[Stored items from a collection]
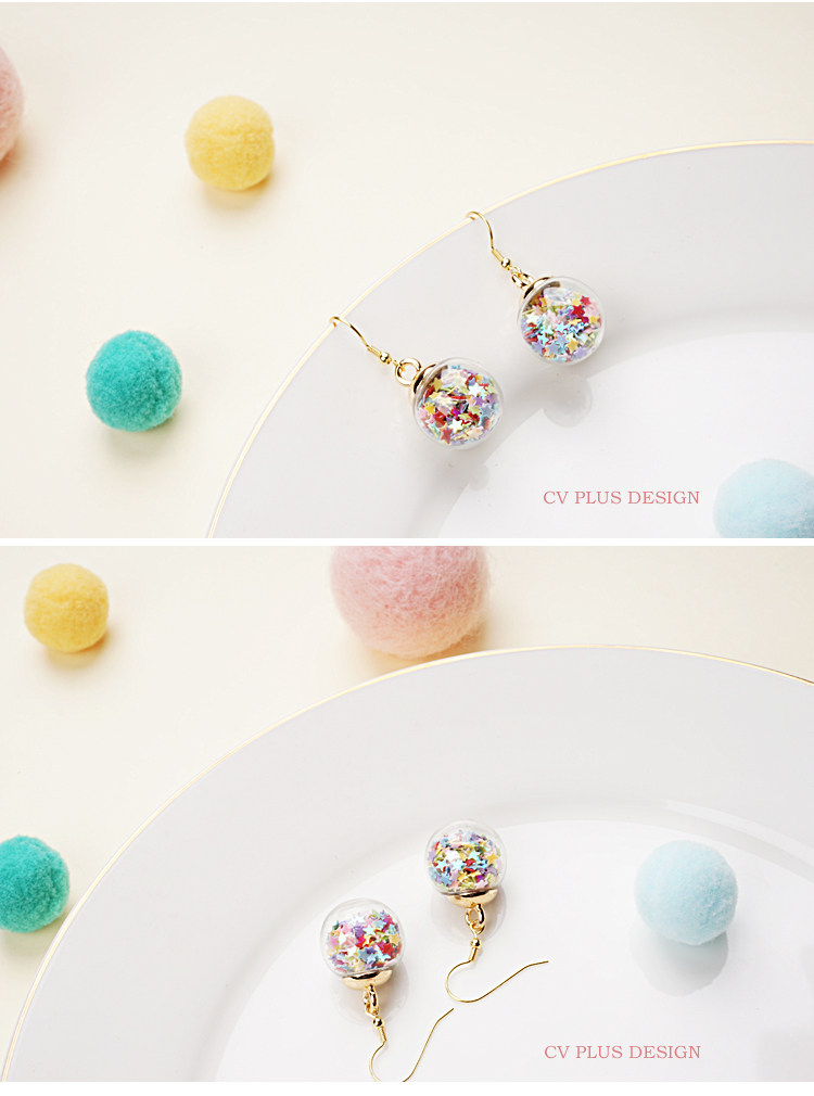 | 尺寸:長3.5cm 寬1.5cm | 材質:925銀針 保色合金 玻璃球 彩色亮片 |
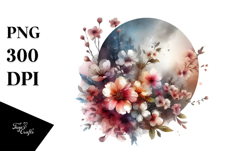 Flower Splashes Circle Grungy Whitebackground Digitalpainting Halfflowers Modernlook
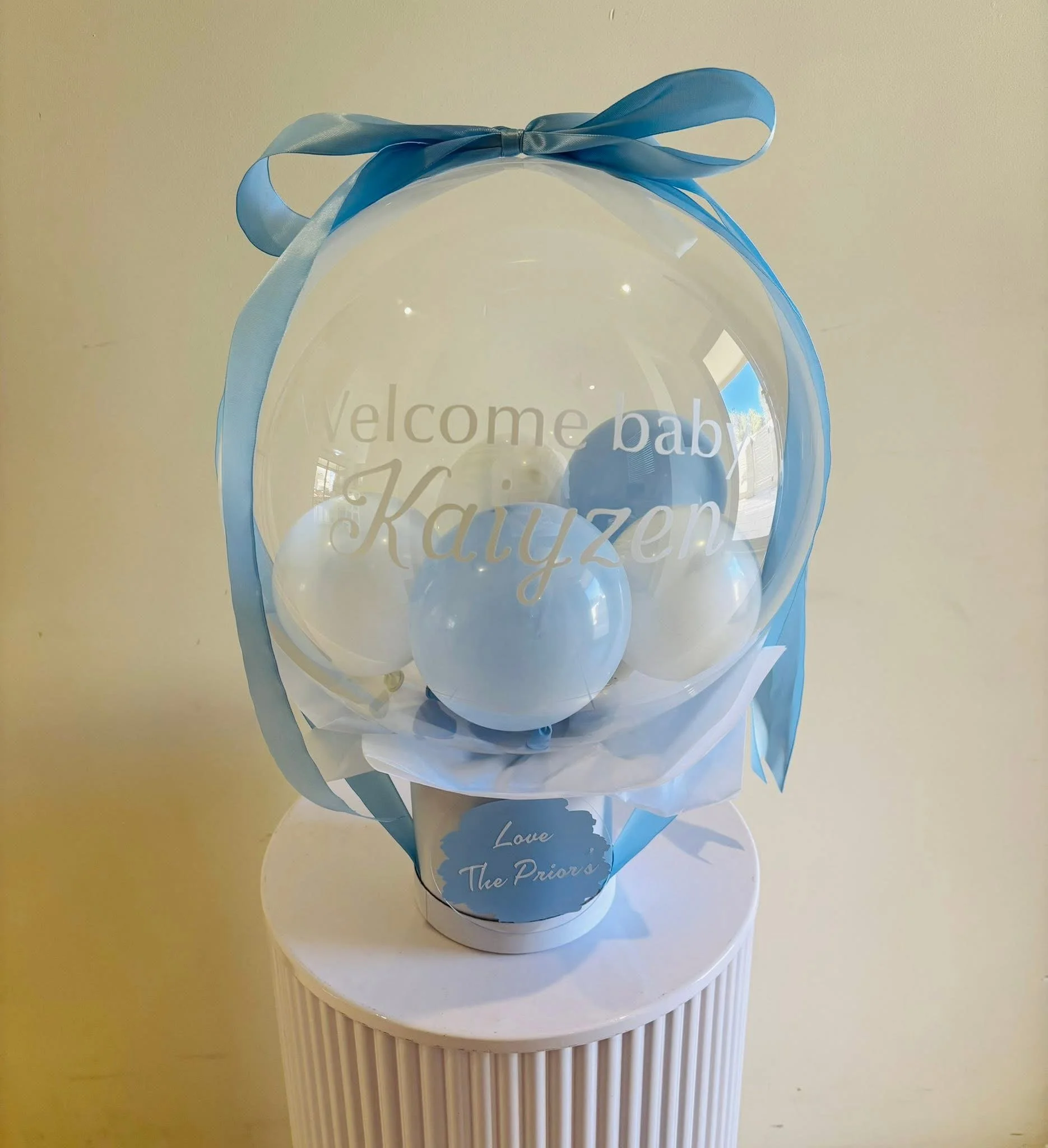 Choose between a clear glass bubble balloon with coloured smaller balloons inside or 1 coloured balloon (balloon colours of your choice, lots of options available.
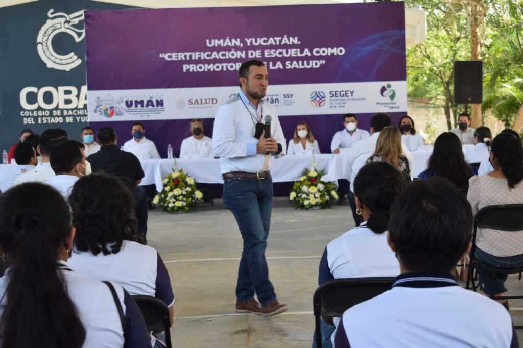 Por su parte, Erwin Pacheco López, director del Cobay Umán, dijo que esta certificación es gracias a la suma de esfuerzos del Ayuntamiento, Gobierno del Estado, el Centro de Salud Urbano de Umán, personal docente y administrativo, estudiantes y padres de familia que contribuyeron con acciones de limpieza, desbroce, pintura, fumigación y rehabilitación de baños, así como tutorías de prevención de adicciones, embarazos a temprana edad, suicidio y acoso escolar por medio de conferencias, talleres y campañas.
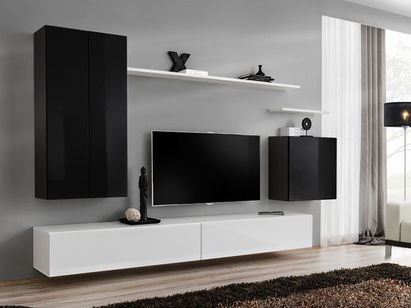 Obývací stěna Stanwick 26 ZW SW 2 nabízí moderní a elegantní design pro váš obývací prostor. Systém push-click umožňuje snadné a univerzální otevírání dveří z levé nebo pravé strany. ABS hrany zajišťují, že nábytek bude chráněn před mechanickým poškozením a bude vypadat nový i po delším používání. Stěna obsahuje velkou skříňku na stěnu, TV stolek/skříňku, dlouhou a krátkou poličku a malou skříňku na stěnu. Rozměry jednotlivých částí stěny naleznete v popisu. Stěna se dodává v 7 balících, o celkové hmotnosti 85 kg.
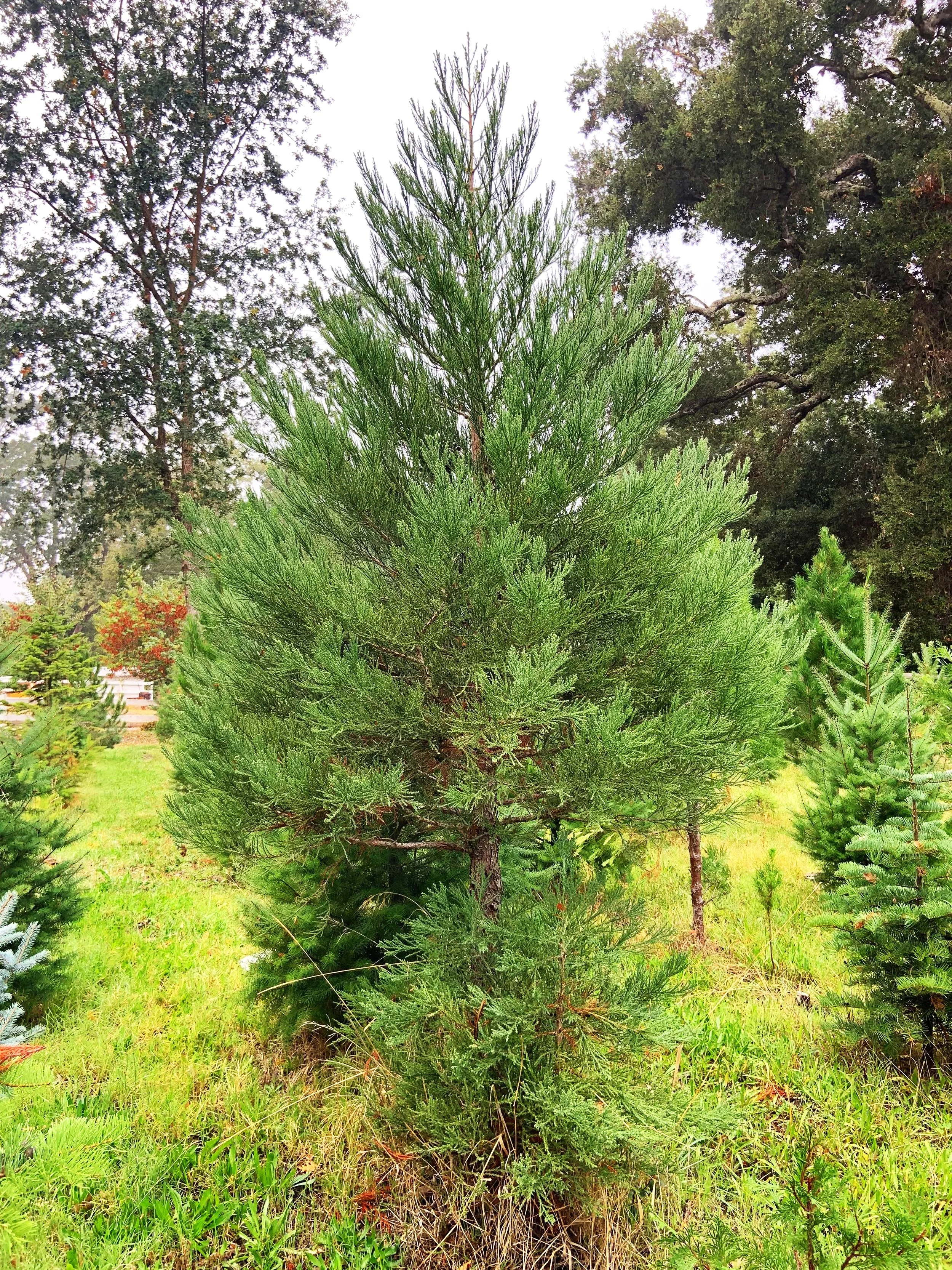 Colors vary from green to blue-green. Tall and narrow with space between branches.

**EXERCISE GOAL**
The copy you produce must repeat all the entries exactly and contain no pictures.

**OUTPUT FOR THIS EXERCISE**
 | 尺寸:長3.5cm 寬1.5cm | 材質:925銀針 保色合金 玻璃球 彩色亮片 |
 Flower Splashes Circle Grungy Whitebackground Digitalpainting Halfflowers Modernlook
 Choose between a clear glass bubble balloon with coloured smaller balloons inside or 1 coloured balloon (balloon colours of your choice, lots of options available.
 Por su parte, Erwin Pacheco López, director del Cobay Umán, dijo que esta certificación es gracias a la suma de esfuerzos del Ayuntamiento, Gobierno del Estado, el Centro de Salud Urbano de Umán, personal docente y administrativo, estudiantes y padres de familia que contribuyeron con acciones de limpieza, desbroce, pintura, fumigación y rehabilitación de baños, así como tutorías de prevención de adicciones, embarazos a temprana edad, suicidio y acoso escolar por medio de conferencias, talleres y campañas.
 Obývací stěna Stanwick 26 ZW SW 2 nabízí moderní a elegantní design pro váš obývací prostor. Systém push-click umožňuje snadné a univerzální otevírání dveří z levé nebo pravé strany. ABS hrany zajišťují, že nábytek bude chráněn před mechanickým poškozením a bude vypadat nový i po delším používání. Stěna obsahuje velkou skříňku na stěnu, TV stolek/skříňku, dlouhou a krátkou poličku a malou skříňku na stěnu. Rozměry jednotlivých částí stěny naleznete v popisu. Stěna se dodává v 7 balících, o celkové hmotnosti 85 kg.
 Colors vary from green to blue-green. Tall and narrow with space between branches.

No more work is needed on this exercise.